It estimates that more than 400 of these properties have large leaks of over 5,000 litres of water a day.

Compare that to a standard oil tank for central heating which holds 1,000 litres. These homes are leaking five times that amount each day.

Not only is this impacting on ensuring a sustainable supply of drinking water for everyone, it could also be causing damage to those homes.

Leakage reduction is a complex process. Most of the leaking happens underground so it’s not necessarily visible. This is partly why so much precious water is lost.

Reducing water being lost to leaks would save 200 million litres of clean drinking water

Uisce Éireann talks about having over 63,000km of water pipes underground around the country and says that’s enough to circle the earth one-and-a-half times.

It says it fixes about 2,000 leaks every month. Much of the pipe network is buried beneath power, telecommunications, gas and other networks, just like at Newcomen Bridge.

As a result, it can cost twice as much to carry out water mains rehabilitation and replacement in cities as it does in rural areas.

But progress is being made. In 2018 the rate of leakage nationally was 46%. By 2023 it was down to 37%. The plan is to reduce it further to 25% nationally by the end of 2030 and to 20% in the Greater Dublin Area.

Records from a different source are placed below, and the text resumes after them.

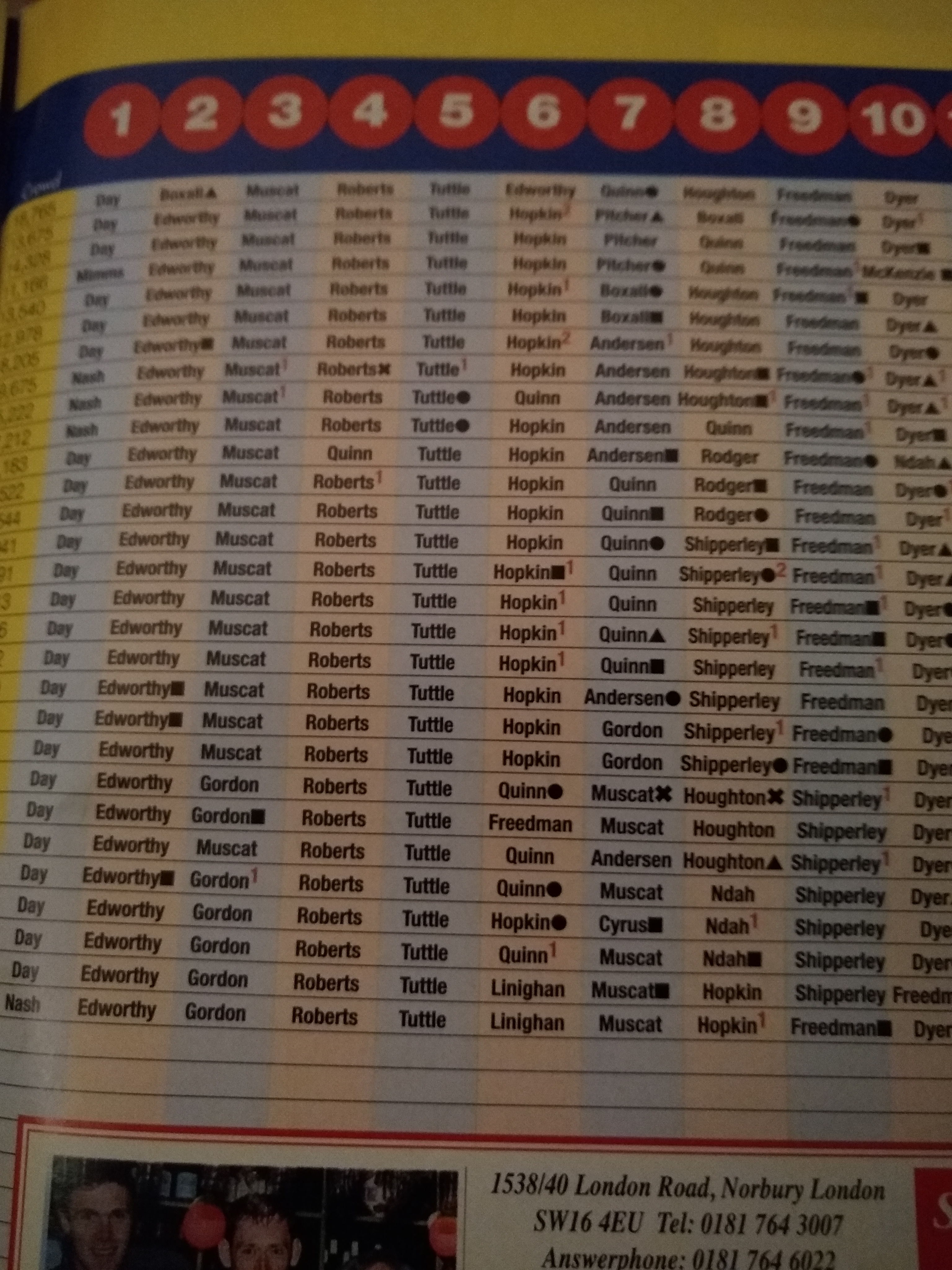 No, it isn't what I'm going on. As stated, I looked up the old programs. It's just a matter of fact that the entire internet supports my position, because I'm correct. Here's a couple of photos which speak for themselves: especially regarding the illogical position of: "he was number 2 so must have been a RB". I've photographed a program from one of the games I went to. Looking at the line ups we can see that when he wasn't deputising for injury on either side, he was playing in a back three of a (most of the time) 3-5-2 formation. The players chosen supports this. Look, Number 7. He must have been a right sided midfielder then, we're both incorrect.
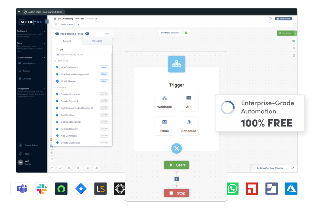 Designed for individuals, hobbyists, and small teams, Autom Mate Community Edition makes automation accessible to everyone with no strings attached. It provides a safe, streamlined entry point into the world of automation. With its intuitive interface, built-in guardrails, and guided experience, users can confidently experiment with workflows, discover new efficiencies, and scale their knowledge.
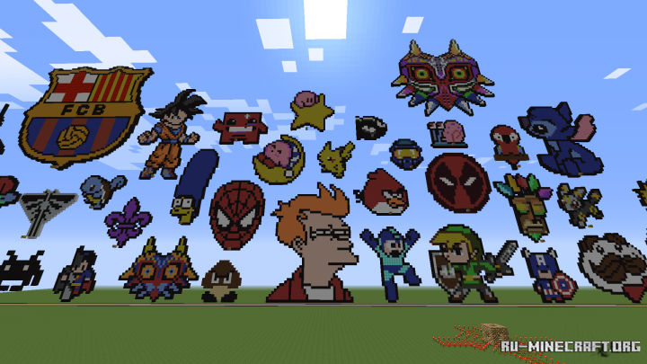 На карте Podcast Pixel Art вас ожидает просто огромная коллекция пиксель артов, автор которых провел не один день для их создания. Вашему вниманию будут представлены самые разные варианты, это и герои различных мультсериалов и видеоигр и просто различные интересные значки. Вам явно будет на что посмотреть на этой карте !
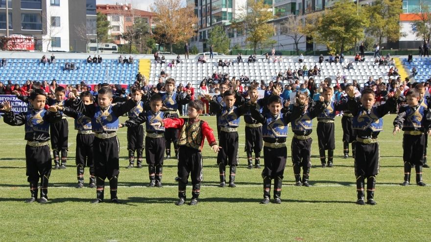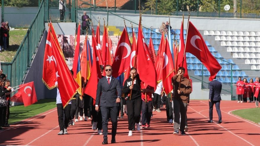 Şehir stadında düzenlenen programda saygı duruşunda bulunulmasının ardından İstiklal Marşı okundu.
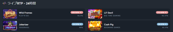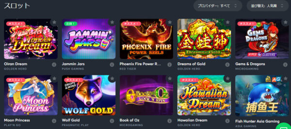 画面中央には「日本で人気のあるゲーム」「新しいゲーム」「ライブRTP(高い順)」「キャンペーン対象」「プロバイダ」など、好みで選べるように様々なカテゴリーが用意されています。
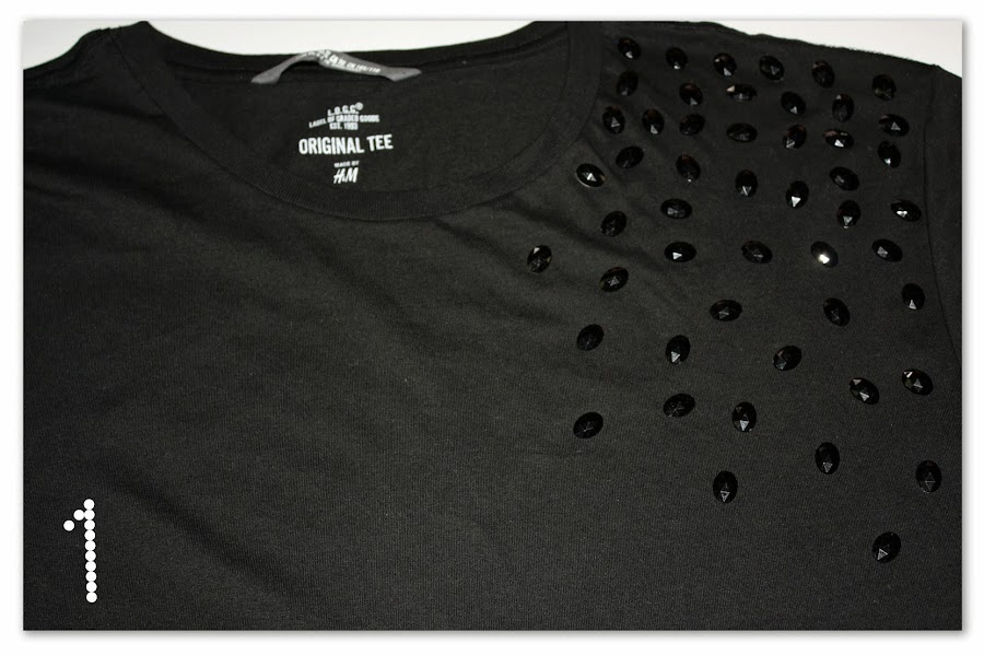 Lo pegamos en el sitio que queremos. estos dos últimos pasos lo repetiremos con todas las piedras.Es muy fácil y sencillo customizar con esta técnica una camiseta, y en menos de media hora tendrás una camiseta totalmente nueva para poder estrenar.
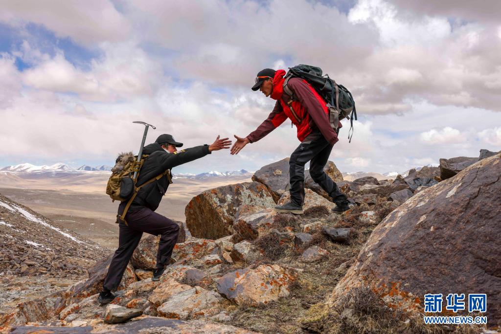 别克米尔扎·图尔达力(左)在同伴库尔班巴依·努尔麦麦提的帮助下跨过一段乱石密布的山路(5月16日摄)。新华社记者 胡虎虎 摄
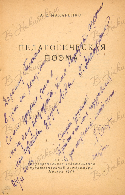 Макаренко, А.С. Педагогическая поэма. М.: ОГИЗ, 1944.
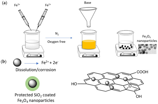 (a) Schematic representation of the co-precipitation method used to prepare Fe3O4 (b) SiO2 coated Fe3O4 nanoparticles deposited and dispersed on GO.

If those targets can be achieved it would save 200 million litres of clean drinking water from being wasted every day and make for a far more reliable supply.

But would the boost to the water supply from fixing all those leaks be enough to provide the much-needed headroom to ensure security of supply in the Dublin area? Could it remove the ongoing fear about water restrictions and conservation appeals?

On that issue Stephen Burke is emphatic.

“No,” he says.

“With the best will in the world, even if we get leakages down to 20% by 2030, the population is growing very rapidly. We’re seeing huge increases in commercial consumption. So even after fixing the leaks Dublin’s water supply will still be on a knife-edge.

“There were several days in January where water demand for the Greater Dublin Area exceeded the amount of water we were able to produce in our treatment plants. And we had them all running at maximum production,” he says.